If we take a look at the financials of the bank, we can we that its revenue from the interest earned has increased from ₹3418.17 crores in FY19 to ₹4110.20 crores in FY23. 

On the other hand, it reported a decrease in net profit from ₹1126.31 crores in FY19 to ₹1088.31 crores in FY23.

For FY23, the company reported a GNPA of 2.10%, which indicates the portion of the NBFC loans or assets that are non-performing.

Coming to the return ratios, the bank reported an ROE and ROA of 14.9% and 2.8% respectively. This suggests that the company has earned a good return on shareholders’ capital and efficiently using its assets to earn income.

The ace investor has consistently held a 2.4% stake in the company over the last few quarters.
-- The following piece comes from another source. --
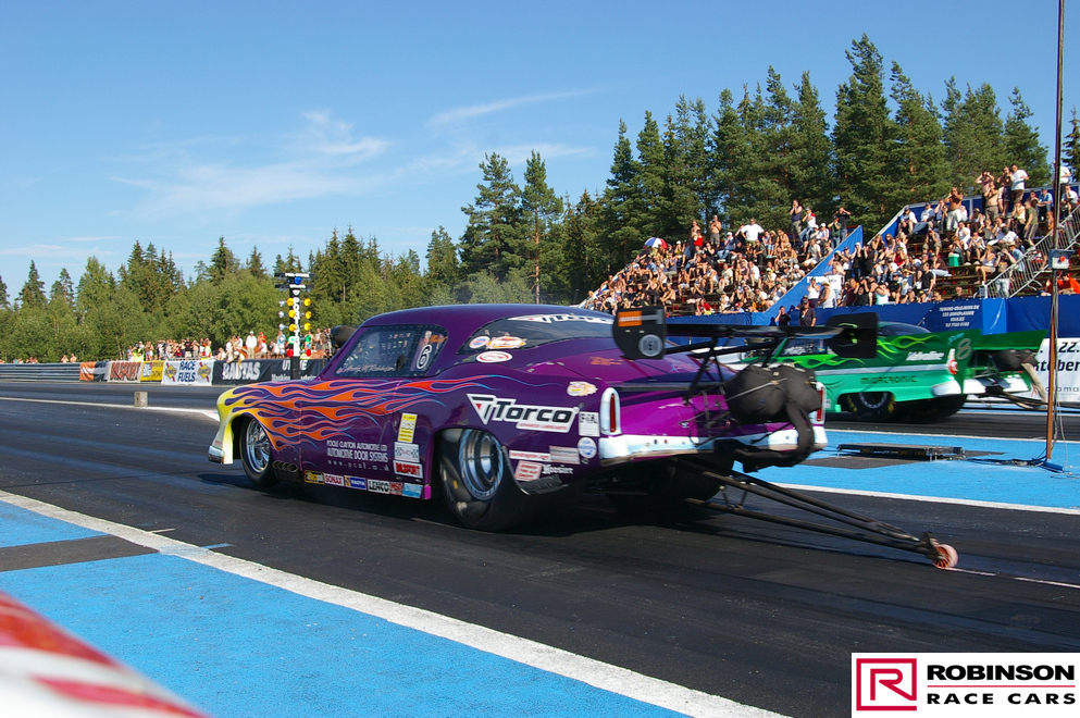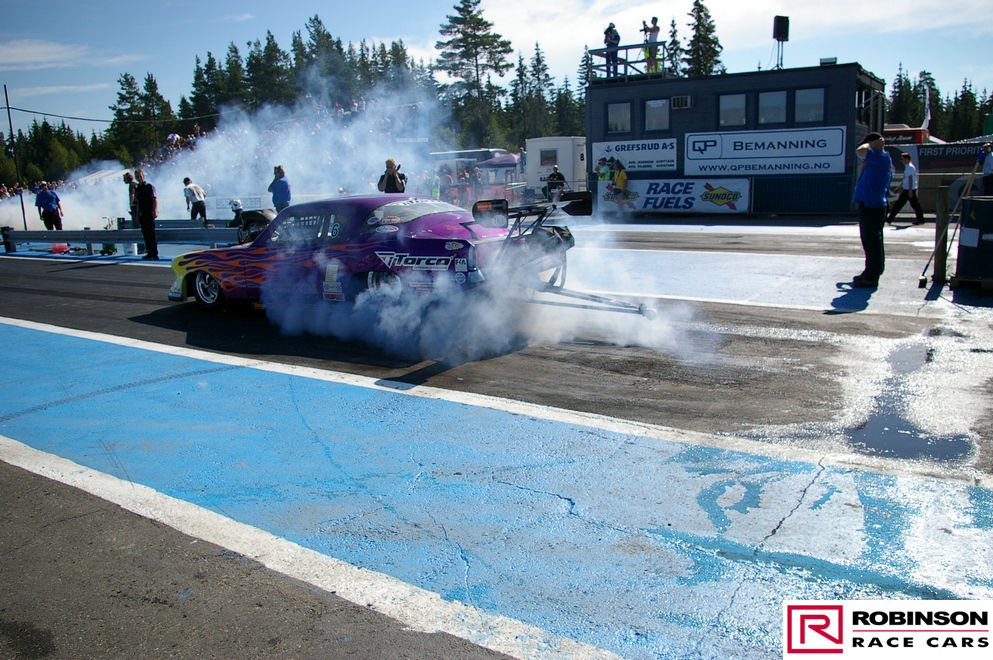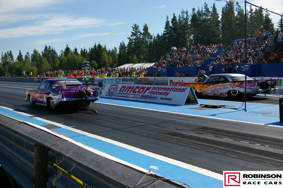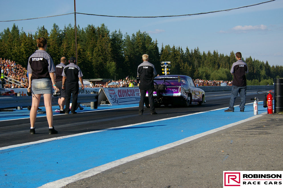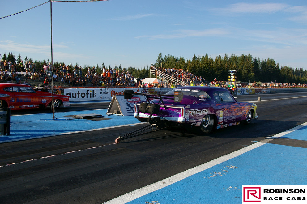 One of the first things we noticed about Gardermoen is that there was not a lot of space. We had to move a funny car body every time we left our pit area (Pic 5). The exceptional number of entries in all the FIA classes packed the space to its limits.

This stake accounts for 26,30,434 shares and is worth Rs.852.4 crores as of November 20, 2023.

List of Best RK Damani Portfolio Stocks

The table below puts together more such stocks from RK Damani Portfolio along with the ones covered above.

Avenue Supermarts Ltd.437,444,72067.20%
VST Industries Ltd.4,741,72030.70%
India Cements Ltd.64,398,19020.80%
Advani Hotels & Resorts (India) Ltd.1,930,0094.20%
Aptech Ltd.1,757,3173.00%
Sundaram Finance Ltd.2,630,4342.40%
Mangalam Organics Ltd.186,1872.20%
Sundaram Finance Holdings Ltd.4,170,4341.90%
3M India Ltd.166,7001.50%
Trent Ltd.5,421,1311.50%
Blue Dart Express Ltd.306,7701.30%
United Breweries Ltd.3,195,8341.20%
BF Utilities Ltd.381,0001.00%
Andhra Paper Ltd.399,2961.00%

In Closing

As we conclude our article on “Best RK Damani Portfolio Stocks” it is important to note that, the top 5 stocks mentioned above are based on the ace investors’ highest stake in the company. 

It is also worth noting that the precise timing and price at which they acquired their stocks are often undisclosed to the public. This can lead to a situation where we may invest in a fundamentally solid stock but at an unfavourable price, potentially impacting our overall returns.

Thus, investors should conduct their own analysis and not invest in these stocks solely based on the ace investors stake.